Privacy Policy

1. Data controller

Briefd is operated by Business Safety Coaching International Sp. z o.o., Romana Dmowskiego 22/112, 43-100 Tychy, Poland (NIP: PL6463026358).

Contact email: info@briefd.it

2. Information we collect

When you submit the analysis form, we collect:

• Email address: to deliver your analysis report and, if you opt in, marketing communications.
• Website URL: to perform the copy and messaging analysis.
• Marketing preference: whether you chose to receive tips on sales copywriting and website messaging. This is optional and separate from the service.

We also collect automatically:

• Usage data: page views, session recordings, and interaction data collected by Hotjar for UX improvement (only with your consent).
• Server logs: IP address, browser type, and request timestamps, retained for security and debugging.

3. How and why we use your data

• Analysis report delivery: generating and sending your free website copy analysis. Legal basis: performance of the service you requested (GDPR Art. 6(1)(b)).
• Marketing emails: tips on copywriting and messaging, sent only if you explicitly opt in. Legal basis: your consent (GDPR Art. 6(1)(a)). You can withdraw consent at any time using the unsubscribe link in any email or by contacting info@briefd.it.
• Website analytics: understanding how visitors use our site via Hotjar, only with your consent via the cookie banner. Legal basis: your consent (GDPR Art. 6(1)(a)). You can change your preference at any time using the "Cookie preferences" link in the page footer.
• Security and abuse prevention: server logs used to detect and prevent misuse. Legal basis: our legitimate interest in maintaining a secure service (GDPR Art. 6(1)(f)).

4. Cookies and tracking

We use the following tracking technologies, only with your consent:

• Hotjar: session recordings and heatmaps for UX analysis. Hotjar uses cookies to identify sessions. Data is processed in the EU. Hotjar Privacy Policy.

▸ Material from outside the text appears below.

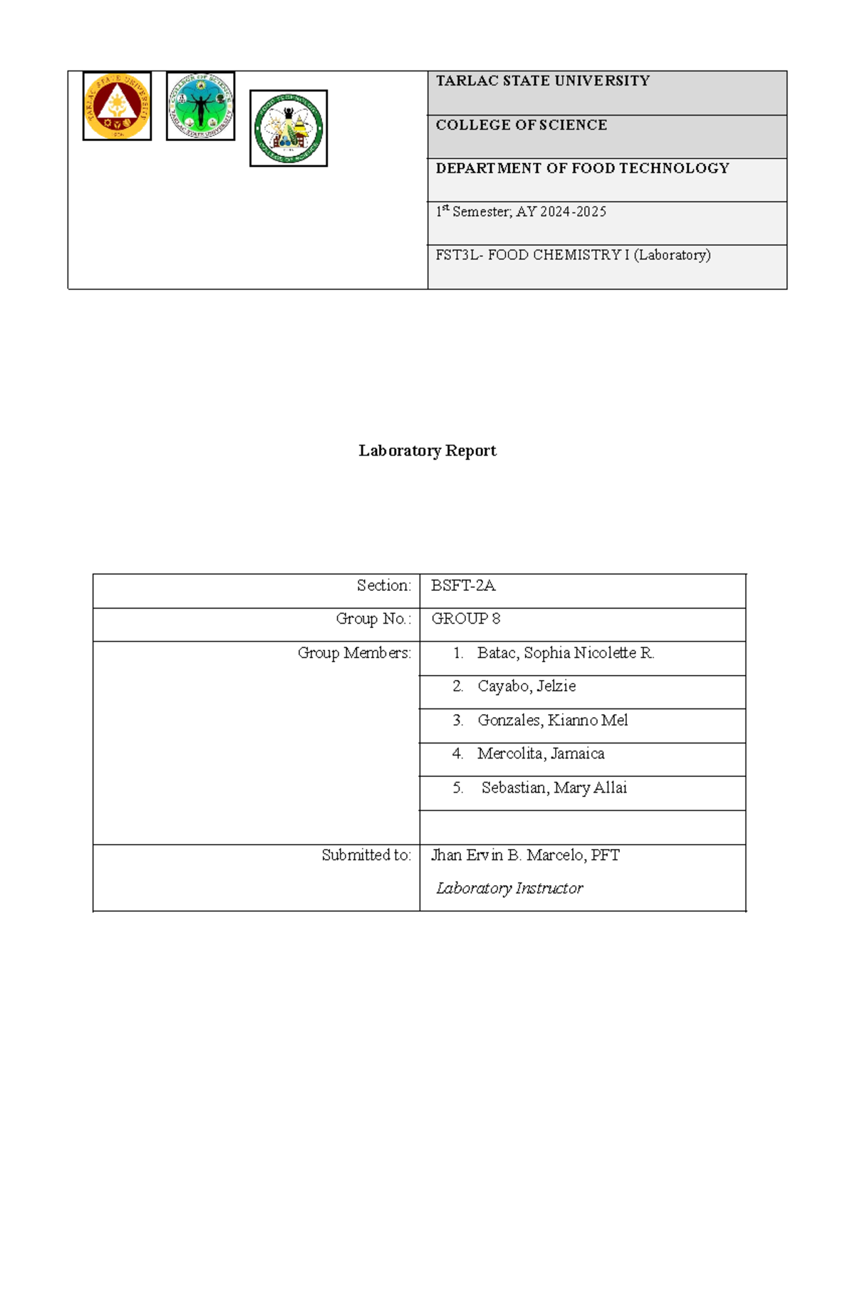 FOOD-CHEM-LAB-ACT-5- Group-8 2 - COLLEGE OF SCIENCE DEPARTMENT OF FOOD ...

We do not use Google Analytics, Facebook Pixel, or any advertising cookies.

Your cookie consent preference is stored in your browser's local storage. You can change it at any time using the "Cookie preferences" link in the page footer, or by visiting Hotjar's Do Not Track page.

5. Data sharing and processors

We share your data only with the following service providers, strictly for delivering the service:

• AWS (eu-west-1, Ireland): infrastructure hosting, database (DynamoDB), email delivery (SES), file storage (S3), CDN (CloudFront).
• Hotjar (EU): website analytics and UX research.

We have Data Processing Agreements (DPAs) in place with all processors under GDPR Article 28. All data is processed within the European Economic Area.

We do not sell, rent, or share your personal data with third parties for advertising or marketing purposes.

6. Data retention

• Email and URL: retained for 12 months from your last interaction with the service, then deleted. You can request earlier deletion at any time.
• Analysis reports: stored on S3 for 12 months, then archived to Glacier for long-term backup.
• Server logs: retained for up to 90 days.
• Hotjar data: retained according to Hotjar's retention policy (365 days max).

7. Your rights

Under the General Data Protection Regulation (GDPR), you have the right to:

• Access: request a copy of the personal data we hold about you.
• Rectification: request correction of inaccurate data.
• Erasure: request deletion of your data. We will comply within 30 days.
• Restriction: request that we limit how we process your data.
• Portability: request your data in a machine-readable format.
• Objection: object to processing based on legitimate interests.
• Withdraw consent: for marketing emails, click the unsubscribe link in any email. For cookies, use the "Cookie preferences" link in the footer.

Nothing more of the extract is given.